Bringing it all together, when we consider all the factors above, the European high yield market is probably the least exposed fundamentally to both commodity and emerging market risk and indeed is the least risky in terms of credit rating. However, in terms of capital structure and credit “beta” (spread duration), the Floating Rate market is the most defensive. Accordingly it shouldn’t come as a huge surprise that the European and the floating rate markets have held up relatively well during this sell off as shown in the below chart. Consequently, any major further weakness in either the Floating Rate or European market due to an emerging market or commodity related correction could be an interesting opportunity.

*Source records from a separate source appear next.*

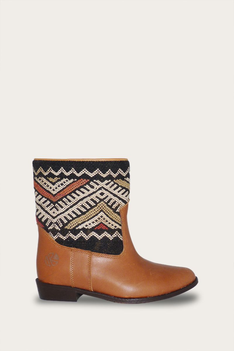 Wat onze laarzen zo speciaal maakt, is dat de schacht is gemaakt van “upcycled” kelim tapijten. Zorgvuldig geselecteerd op maat en kleur uit o.a Marokko en Turkije. Dit maakt elk paar laarzen in onze collectie “one-of-a-kind”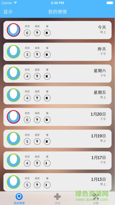 便便达人是一款记录便便的健康软件,随时可查看排便情况,这这里为大家提供了便便的类型、速度等多方面信息,随时可掌握自己的身体状况。快来绿色资源网下载使用吧!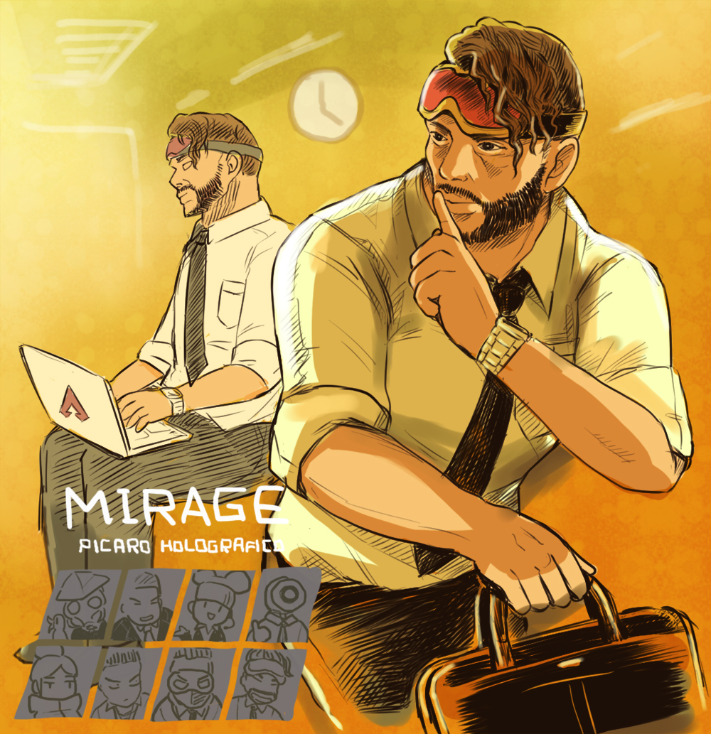 1boy alternate_costume analog_clock apex_legends bag bangalore_(apex_legends) black_eyes black_pants bloodhound_(apex_legends) brown_hair caustic_(apex_legends) character_name clock collared_shirt computer facial_hair finger_to_mouth gibraltar_(apex_legends) goatee goggles goggles_on_head head_tilt holding holding_bag laptop lifeline_(apex_legends) male_focus mirage_(apex_legends) pants pathfinder_(apex_legends) rii_(metro_electro) shirt shushing smile watch white_shirt wraith_(apex_legends) wristwatch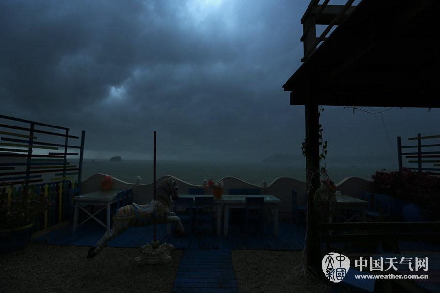 今天下午14时,涠洲岛乌云密布,天色变暗(摄影:涠洲岛时光盒子客栈阿杜)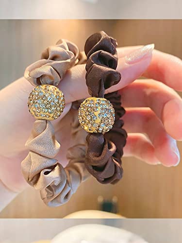 Fascia elastica per capelli da donna, in raso, piccola scrunchie con strass, per capelli spessi e sottili, per ragazze e donne (nero, marrone, motivo leopardato, caffè leggero)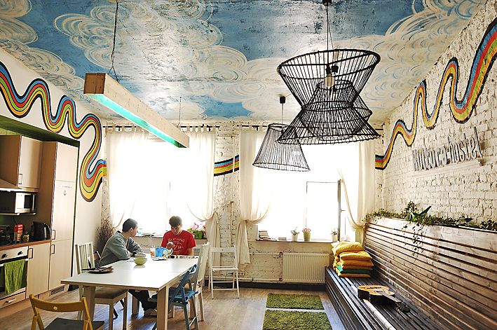 Sympaattinen hostelli (kuvassa yllä) taiteen täyttämällä sisäpihalla, jossa design-kauppa, viinibaari, galleria ja hampurilaisravintola. Jokaisessa huoneessa uniikki seinämaalaus. Suihkut ja vessat konteissa käytävällä. Huone kahdelle alkaen 35 €. Ulitsa Vosstanija 24. Metro: Ploschad Vosstania. www.kulturahostel.com - Hostel Mir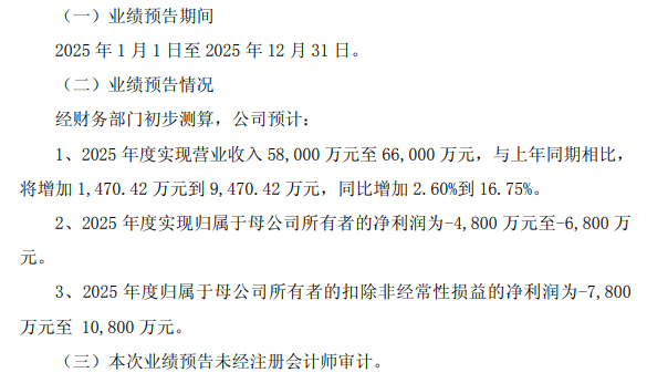 仪表网 行业财报】1月30日,灿瑞科技(688061.SH)公布,2025年度实现营业收入5.8亿元至6.6亿元,与上年同期相比,将增加1470.42万元到9470.42万元,同比增加2.60%到16.75%。2025年度实现归属于母公司所有者的净利润为-4800万元至-6800万元;归属于母公司所有者的扣除非经常性损益的净利润为-7800万元至-1.08亿元。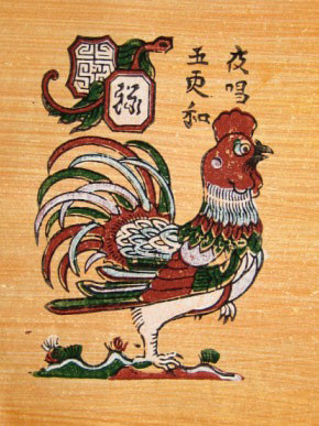 Quan niệm dân gian xưa, gà trống với tiếng gáy vang tận đỉnh núi cao làm ma quỷ khiếp sợ, gọi ánh sáng xua tan bóng tối, là biểu tượng của thần hộ mệnh, diệt trừ, chế ngự cái xấu. Chính vì vậy, hình ảnh con gà xuất hiện trong mỹ thuật dân gian khá sớm.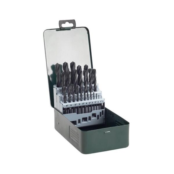 Prekės ženklas- Bosch. Ilgis- 15.1 cm. Darbinės dalies ilgis- 10.1 cm. Skersmuo- 13 mm. Grąžto tipas- HSS. Tvirtinimo tipas- Tiesus. Komplekte- 25 vnt: 1; 1,5; 2; 2,5; 3; 3,5; 4; 4,5; 5,5; 6; 6,5; 7,5; 8; 8,5; 9; 9,5; 10; 10,5; 11; 11,5; 12; 12,5; 13 mm. Apdirbama medžiaga- Metalas. Garantija- 24 mėn. Papildoma informacija- Komplektas metalo gręžimui. Laikiklis.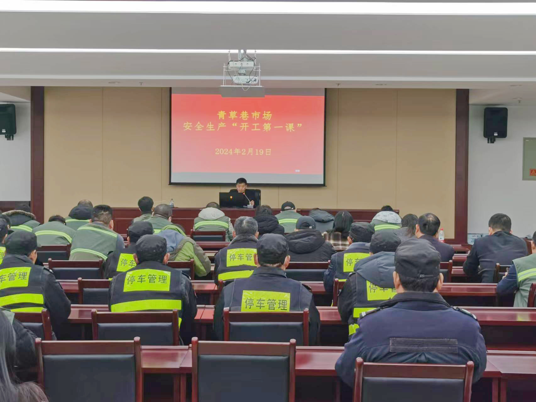为进一步强化全体干部职工的安全生产意识,切实做好市场春节后复工复产的安全生产工作。2024年2月19日下午,青草巷市场组织召开安全生产“开工第一课”,由市场副总经理李建兵授课,各部门负责人、外包服务单位负责人、管理人员等共47人参加。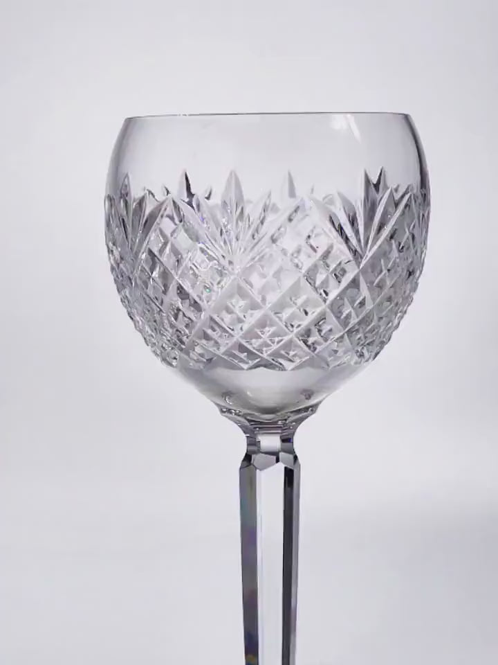 Set of Eight (8) tall wine glasses Height: 7 1/2" (19.1cm) From one of Europe's most celebrated crystal houses, these Killarney pattern hock wine glasses showcase the intricate diamond and fan cutting that distinguished this exclusive collection during its 17-year production run. Waterford's Killarney pattern, produced from 1999-2016, is now...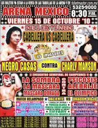 Los Invasores featured in four of the six matches at CMLL's 2010 Sin Salida show.[8] The following month the Promociones Gutiérrez 1st Anniversary Show featured a series of "CMLL vs. outsiders" matches, some featuring fully fledged Los Invasores members and some featuring wrestlers who did not regularly work for CMLL making a special appearance. One of the wrestlers who had not worked for CMLL up until that point was Charly Manson, who would parlay his appearance at the anniversary show into a full-time contract with CMLL as part of Los Invasores. The main event was a 5 team Ruleta de la Muerte elimination match that came down to Místico and El Oriental (representing Los Invasores) wrestling in a Lucha de Apuestas, mask vs. mask match which Místico won, forcing El Oriental to unmask.[9] Over the summer of 2010 Psicosis II began to develop a feud with Místico, which was used as the driving force behind booking a 14-man steel cage Lucha de Apuesta match that was the main event of the CMLL 77th Anniversary Show on September 4, 2010. El Alebrije, Histeria, Olímpico and Psicosis represented Los Invasores in the cage.[10] The unmasked members of Los Invasores, specially Mr. Águila, Garza, Manson and El Oriental began a feud with La Peste Negra, which quickly led to a Lucha de Apuesta, a hair vs. hair match.[11] The 14-man steel cage saw Histeria and El Alebrije leave the cage in the early parts of the match and Psicosis II escaping the cage as the 12th and las tman, all keeping their masks safe. The match came down to La Sombra pinning Olímpico to unmask him.[12] In the weeks following the 77th Anniversary show Negro Casas and the rest of La Peste Negra ("The Black Plague") began to face off against various Invasores trios, oftentimes across from Charly Manson. During those matches the storyline that emerged was the personal rivalry between Casas and Los Invasores newest member Charly Manson, one that often saw Los Invasores either cheat to win or get intentionally disqualified as they attacked Casas. After several weeks of fighting Casas laid out a challenge to Manson for him to "bet" his hair on a Lucha de Apuestas between the two, a challenge Manson accepted, noting that he had never lost a Luchas de Apuestas match in his career.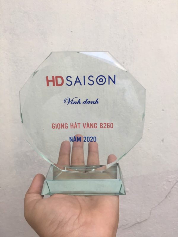 Kỷ niệm chương thủy tinh lục giác đều in ấn theo yêu cầu làm quà tặng doanh nghiệp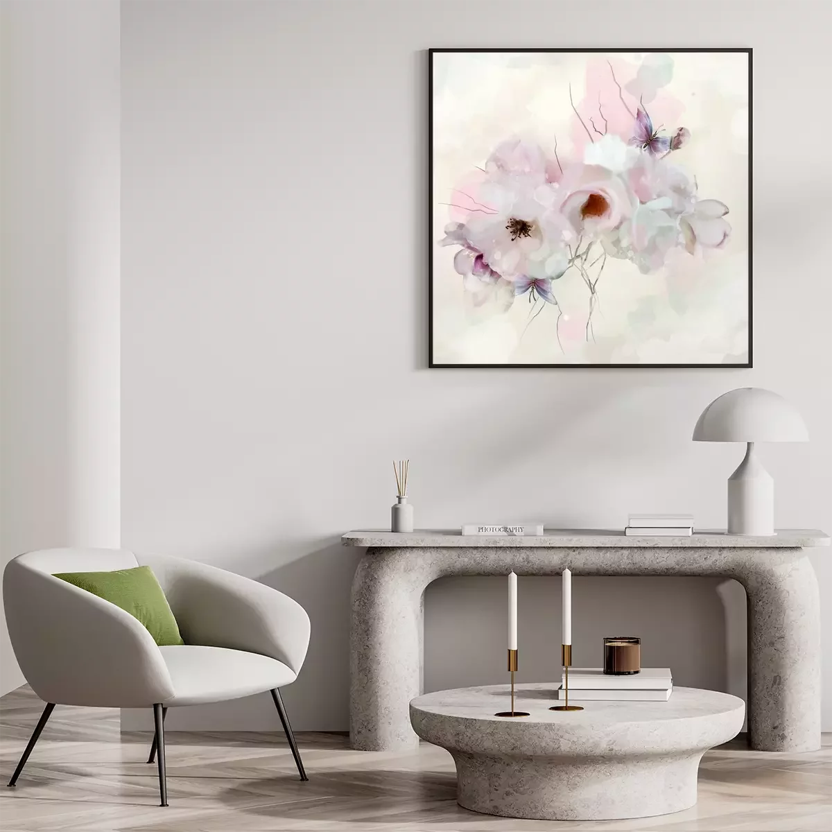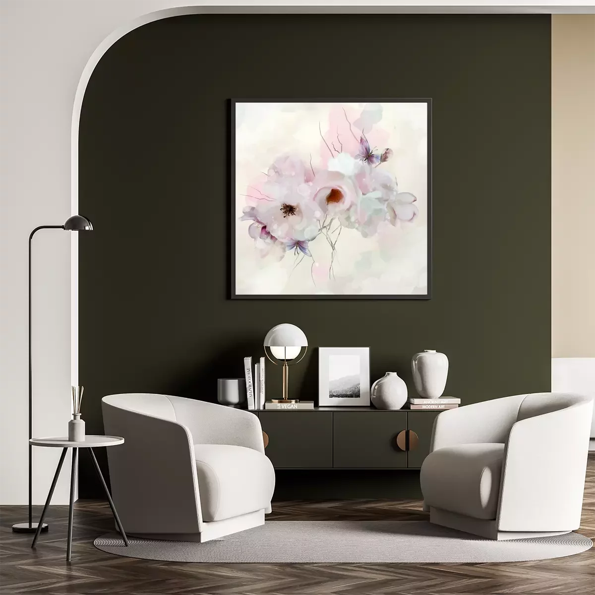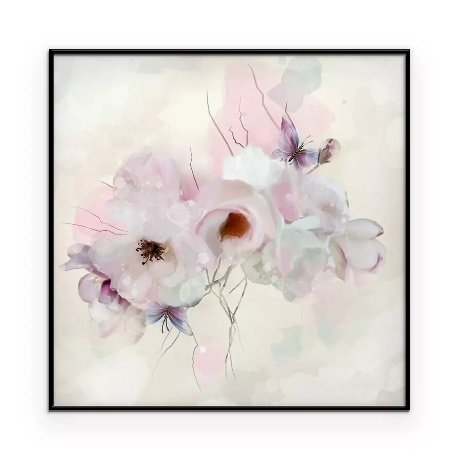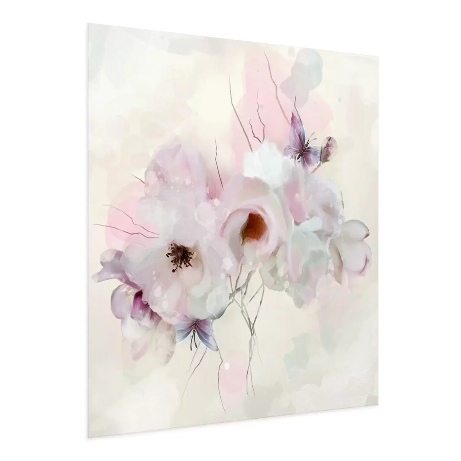 Poster: Romantische weiße Rosen und Schmetterling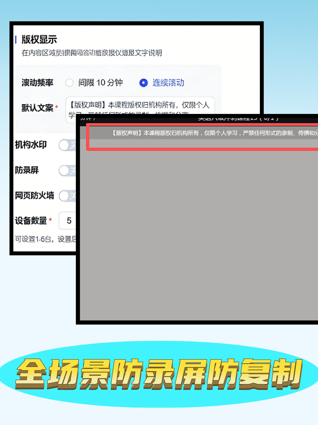 针对常见的盗录、搬运行为,这款工具搭建了多层防护体系。无论是系统自带的录屏功能,还是第三方录屏工具,都能被精准识别并触发黑屏拦截,让盗录内容无法正常生成。对于图文课件,还能禁用右键复制、图片保存功能,从源头避免内容被简单复制搬运。同时,搭配H5防护墙功能,限制课程仅能通过官方APP或客户端观看,切断网页端破解的风险,进一步筑牢防护防线。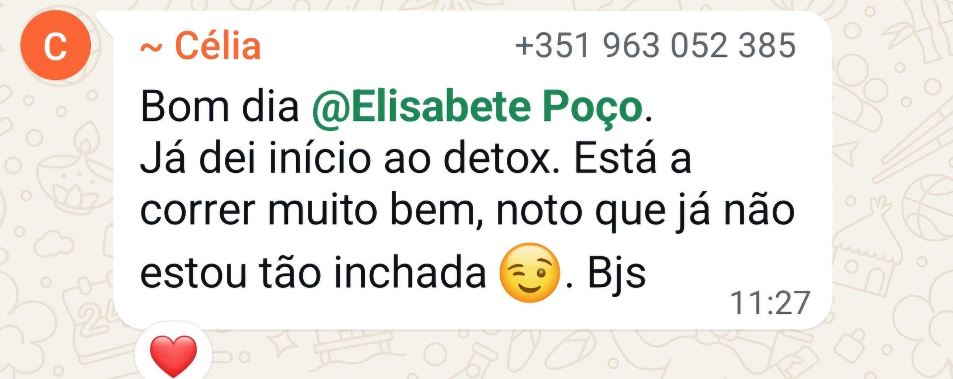 Em primeiro lugar, quero felicitá-la pelo EXCELENTE Desafio Detox. Só agora percebi o motivo de ter fome à noite e, depois do almoço, parece que sinto falta de qualquer coisa para ficar satisfeita. Percebi a importância da proteína. MUITO OBRIGADA."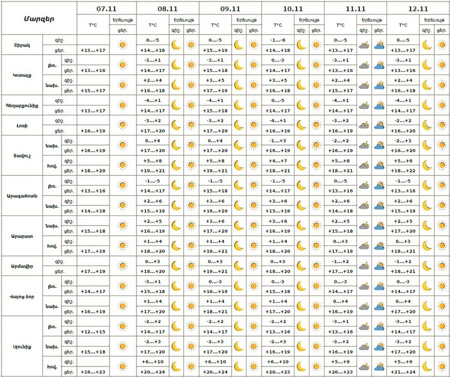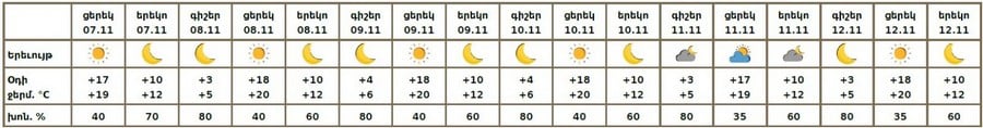 Նոյեմբերի 7-ի ցերեկը, 8-12-ին սպասվում է առանց տեղումների եղանակ: Քամին հարավարևմտյան՝ 2-5մ/վ: Օդի ջերմաստիճանը 8-9-ին ցերեկը աստիճանաբար կբարձրանա ևս 2-3 աստիճանով։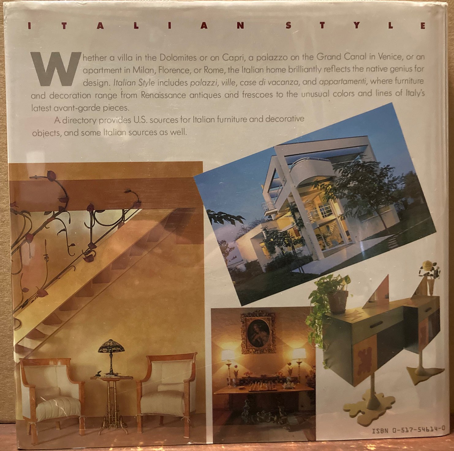 Clarkson N. Potter, 1985. Like new, hardcover with protected dust jacket. 300 pages. Profusely illustrated in color photographs of different types of residential housing in Italy, such as villa, farmhouse, apartment, palace, et al., interiors and exteriors, showing wall treatments, furniture, objets d'art, paintings, sculpture, gardens, architecture, and more. Issued at $35.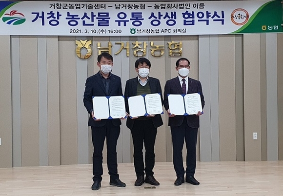 경남 거창군 농업기술센터는 거창 농특산물 유통 활성화를 위해 지난 10일 남거창농협 APC 2층 회의실에서 농업회사법인 이음·남거창농협과 3자 상생 협약을 가졌다.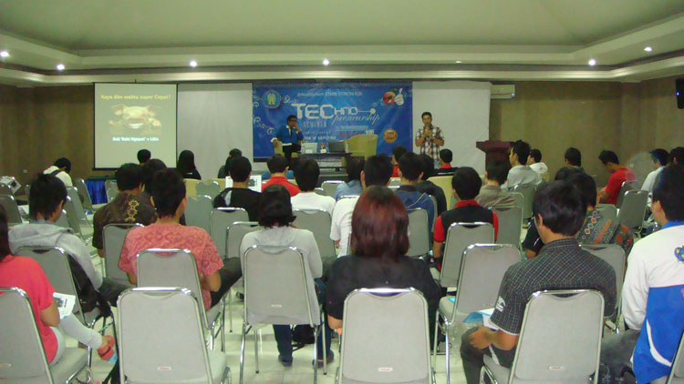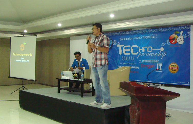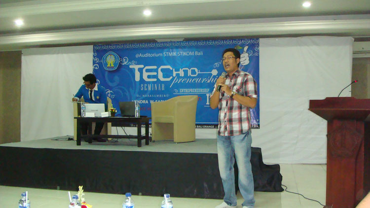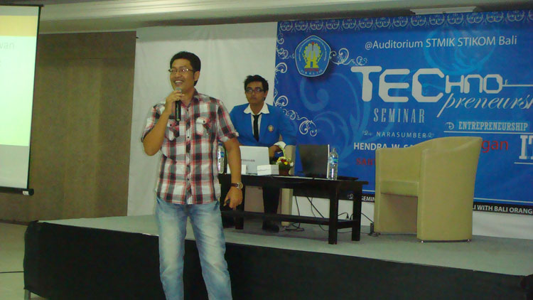 Seminar yang terselanggara oleh senat mahasiswa STIKOM Bali ini dihelat pada 2 Juni 2012 dari jam 10 pagi – 12 siang. Ketika didaulat untuk omong soal Technopreneurship maka yang kuceritakan adalah fakta-fakta berwirausaha, khususnya dalam membangun BOC bersama teamku semenjak tahun 2003 sampai sekarang menjadi perusahaan hosting dan web development. Bukanlah cerita sukses, namun lebih kepada kejadian nyata yang mungkin lepas dari pengamatan masyarakat. Betapa penuh peluh dan tantangan berat yang harus kami lalui.
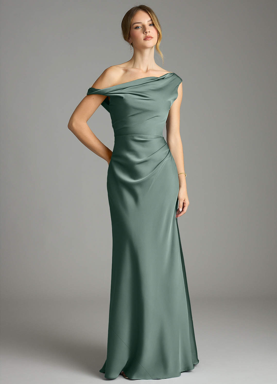 Robe Sirène en Satin extensible Épaule décolletée émeraude

Turning to US and EM markets, with its well-publicised exposure to shale credits, the US market has already taken some pain following the correction in WTI prices as we have previously written about. Nevertheless, when we look at the fundamentals we need to remember it is still dominated by both domestic and non-commodity related issuers –this is where the more interesting value is starting to emerge. In contrast, it could be argued that the EM market looks vulnerable given it has seen a very similar price dynamic but with far more fundamental risk when it comes to domestic emerging market economies and indeed with more exposure to commodity related sectors.